Archie Dudgeon

Personal information
- Nationality: British (Scottish)
- Born: 1911 Glasgow, Scotland
- Died: 1959 (aged 47–48) Angus, Scotland

Sport
- Sport: Wrestling
- Event: Heavyweight
- Club: Premier Weightlifting and Wrestling Club

Medal record
Men's freestyle wrestling
Representing Scotland
British Empire Games
| Bronze medal – third place | 1934 London | Heavyweight |

= Archie Dudgeon =

Scottish wrestler

Archibald Forbes Dudgeon (1911 – 1959) was a wrestler who competed for Scotland at two British Empire Games (now Commonwealth Games) and won a bronze medal in 1934.

== Biography ==
Dudgeon was best known for representing Scotland at the 1934 British Empire Games, where he won the bronze medal in the heavyweight division of the wrestling competition at the 1934 British Empire Games in London, He finished third in his round robin pool matches to claim the bronze.

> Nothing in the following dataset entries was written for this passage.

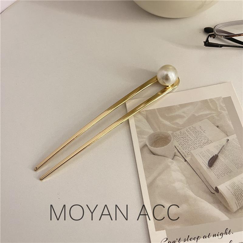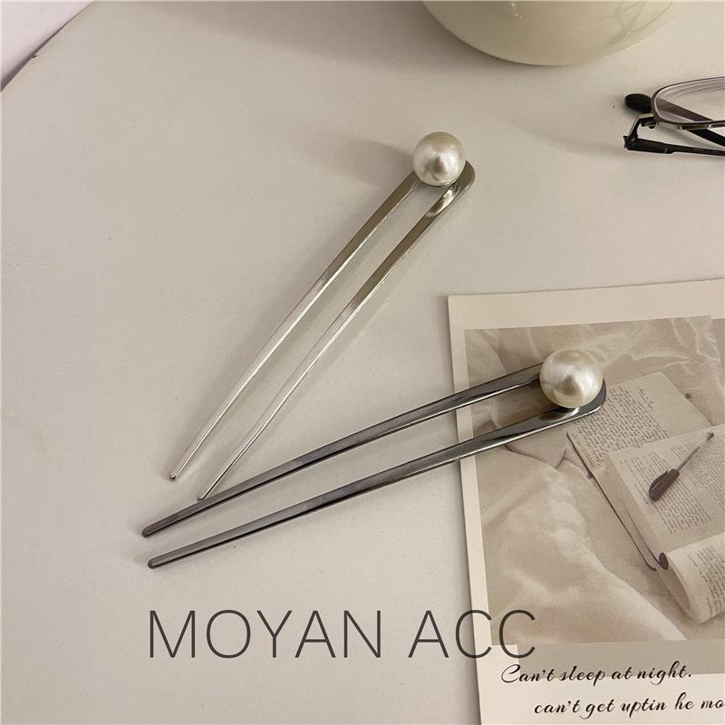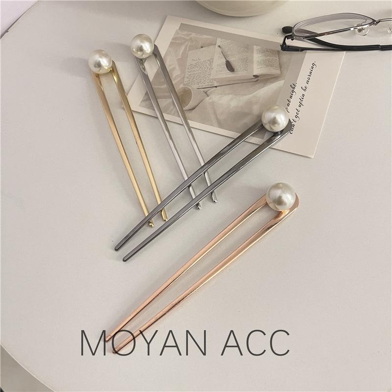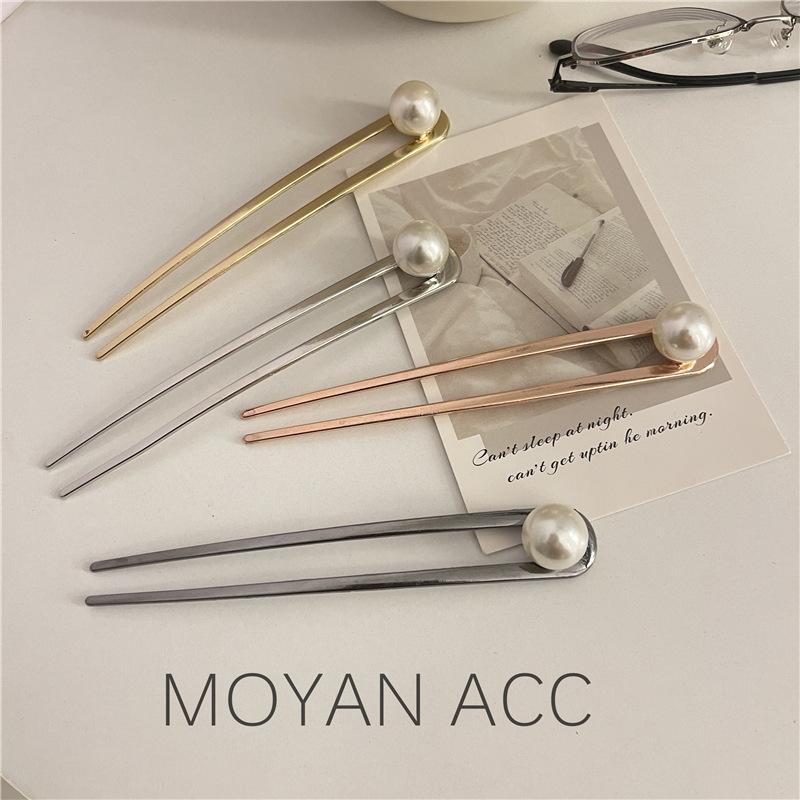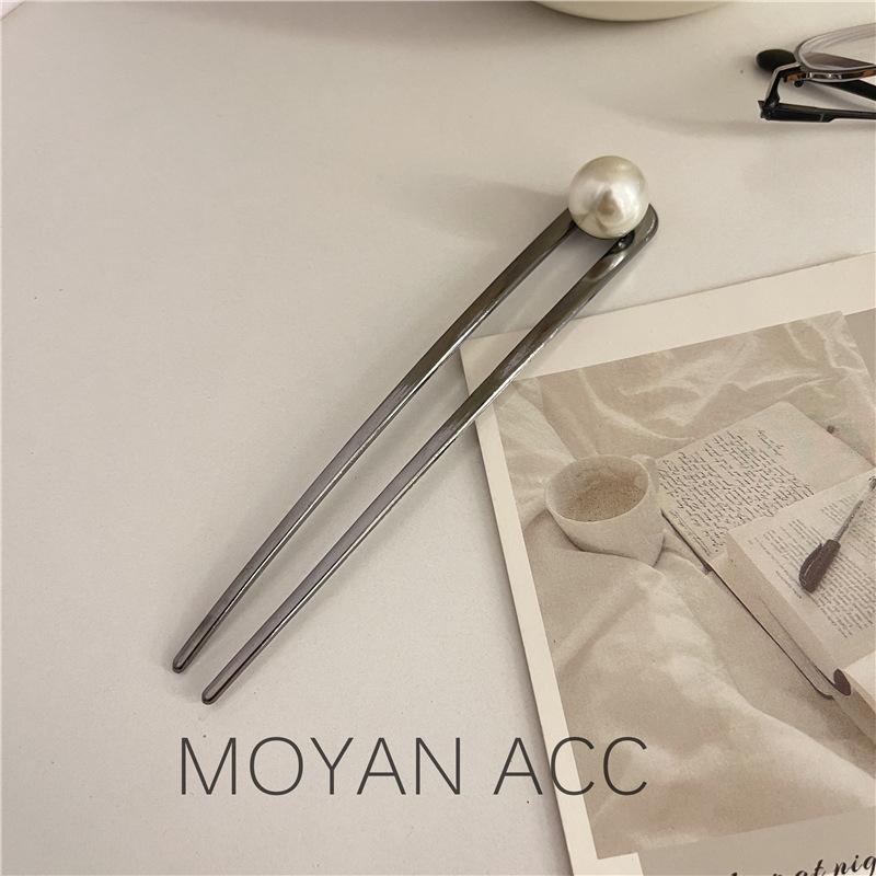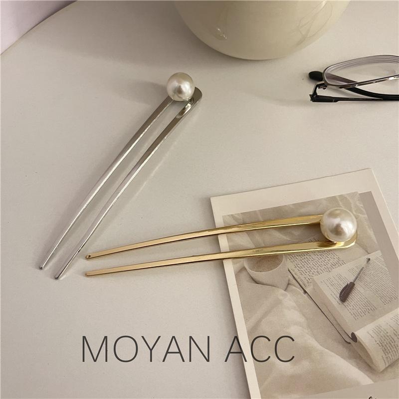 Horquilla de metal con forma de U y perlas, estilo coreano, elegante, estilo antiguo, estilo coreano, de alta gama.
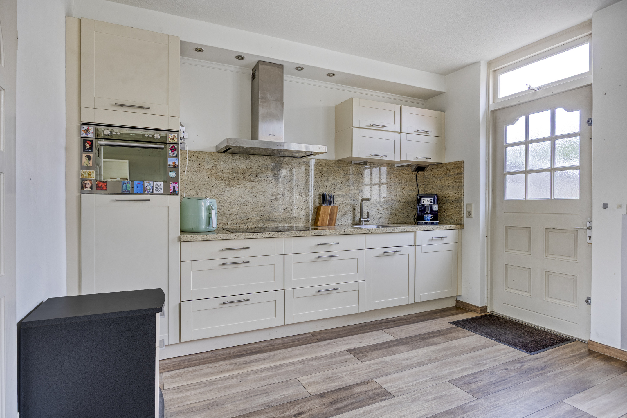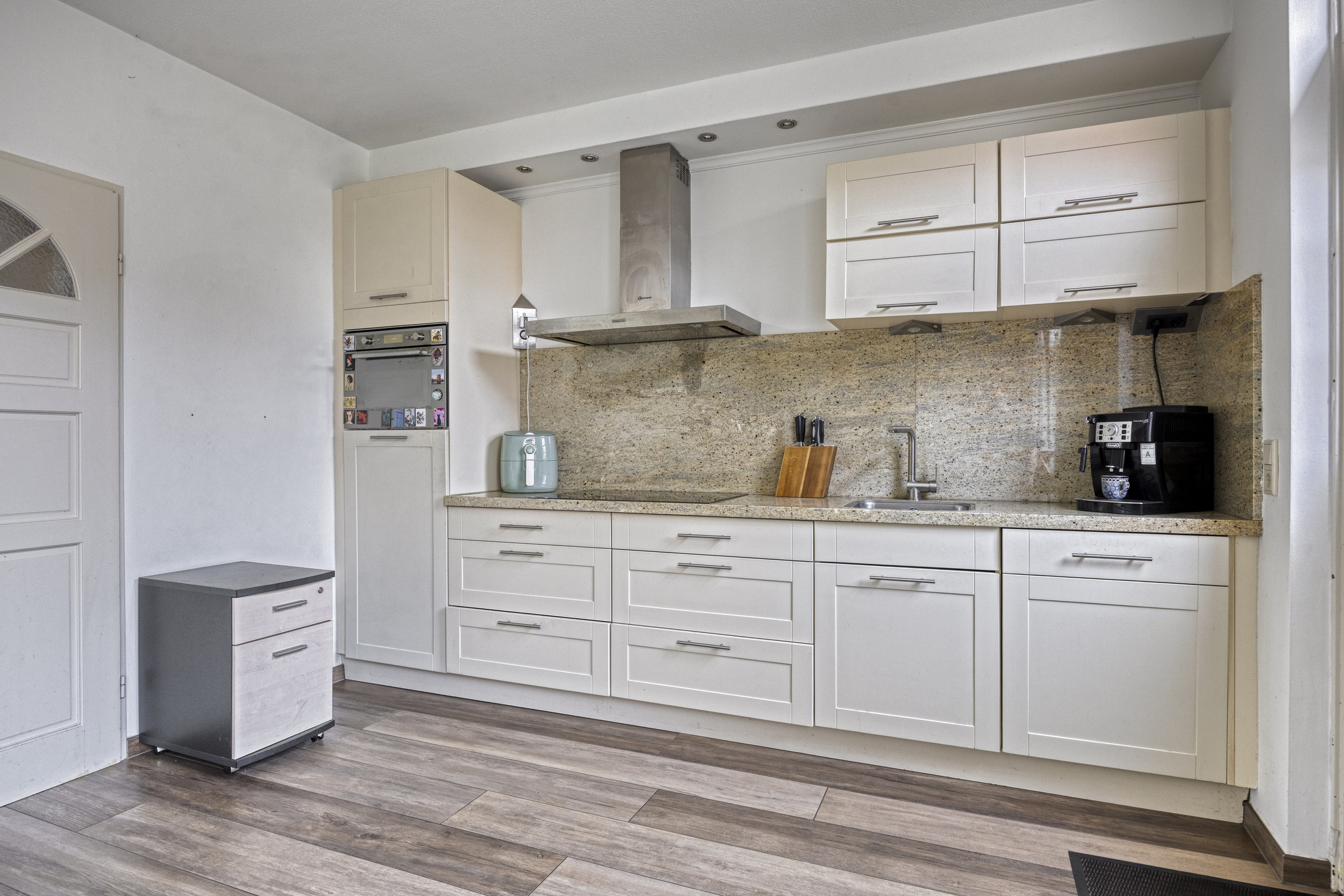 Keuken: Grenzend aan de eetkamer vindt u de open keuken, keurig onderhouden en modern afgewerkt. Hier beschikt u over een langwerpig aanrecht voorzien van een inductiekookplaat, afzuigkap, spoelbak met kraan, ingebouwde ovencombinatie en koelkast. De keuken is functioneel en goed onderhouden, waardoor koken eenvoudig en plezierig wordt.
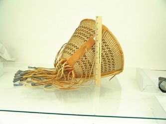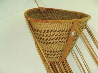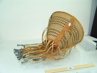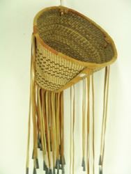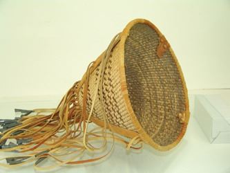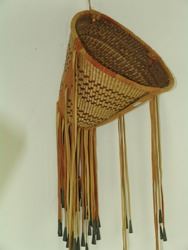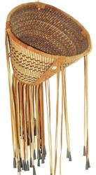 Beautiful, twined weave, conical shaped basket with the design reversed on the interior, and the exterior trimmed with the traditional, reinforcing leather bands, and with long fringe having tin cone ends. Very good condition. Ca. 1970s. 9" x 12" + fringe.
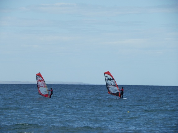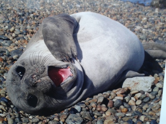 A mi me parece que intentan hacer negocio todo el año de un producto que es estacionario. Hay otras épocas del año en que solo hay hembras, alevines y crías, y por tanto se tiran al agua sin problemas incitadas por la curiosidad, pero como quieren sacar dinero todo el año pasa lo que pasa. Estos centros solo viven de esto, porque en la "capital del buceo argentino" solo hay tres pecios y una docena de especies marinas, aquí nadie en su sano juicio viene a bucear. Es cierto que vimos fotos de días anteriores, de turistas que conocimos, y era otra cosa. Supongo que también influyó la fuerte tormenta que cayo el día anterior y que dejó una visibilidad de apenas unos centímetros. Me imagino que se juntó todo un poco, el tiempo, la visibilidad del agua, los animales y una mala elección de centro. Sé que hay gente que ha salido muy contenta de esta experiencia, pero no es nuestro caso.
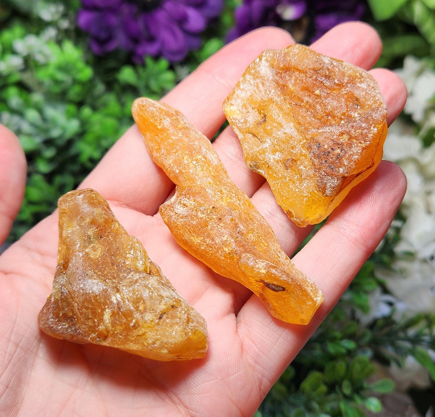 We just returned from Denver 2023 with these gorgeous and affordable Amber hunks! These natural Amber specimens have a vivid honey orange coloring. This material varies between clear and cloudy. These rough pieces may contain some fractures and inclusions of natural debris - some exhibit small insect inclusions! Each specimen measures 1.5 inches and up.
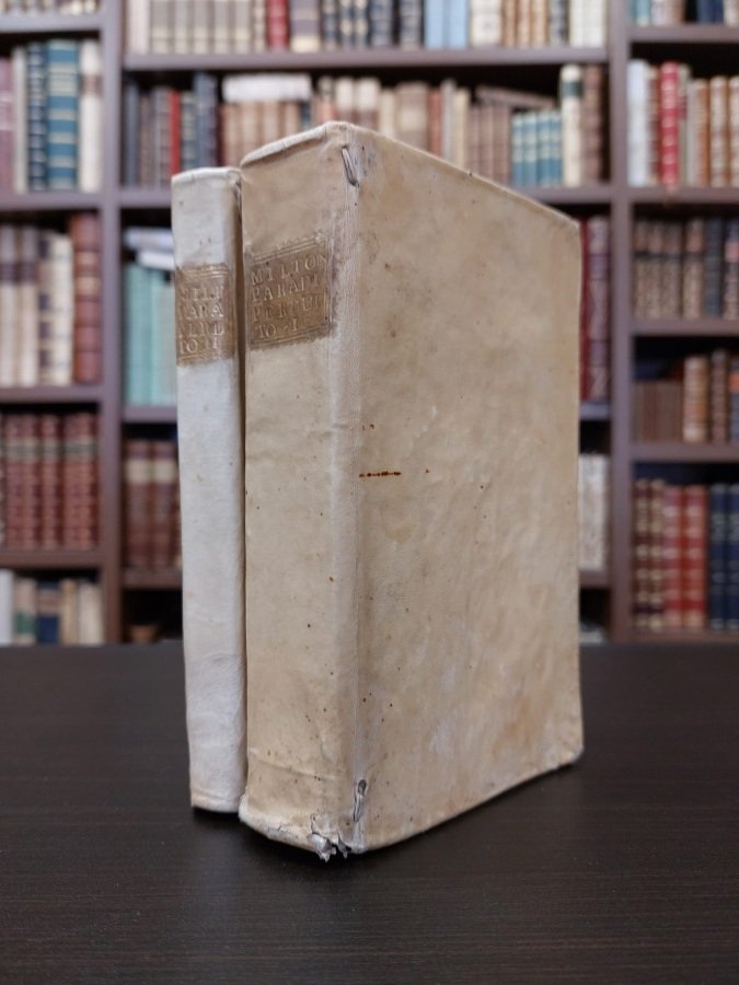 <span style="font-style: normal;">2 volumi in-12° (cm. 15), legatura coeva in piena pergamena con titolo in oro su tassello ai dorsi, tagli spruzzati; pp. 132, 228 in stato molto buono (alcune fioriture). Vignette incise ai frontespizi. Il primo volume corredato di 14 tavole fuori testo con eleganti incisioni in rame a piena pagina, di cui una scena allegorica incisa all'antiporta fuori testo e una tavola con il ritratto dell'autore in tondo. «</span><i>Poema tradotto dal sig. Paolo Rolli con le annotazioni di G. Addison e alcune osservazioni critiche</i><span style="font-style: normal; font-size: 13.3333px;">»</span>. Edizione non comune. Esemplare molto buono. (NA4)

He competed in the heavyweight division and weighed 21 stone.

He also attended a second British Empire Games, when representing the 1938 Scottish team at the 1938 British Empire Games in Sydney, Australia. At the time of the 1938 Games he was a joiner and lived at 24 Craigton Road, Glasgow.

Dudgeon was a two-times winner of the British Wrestling Championships at heavyweight in 1936 and 1937.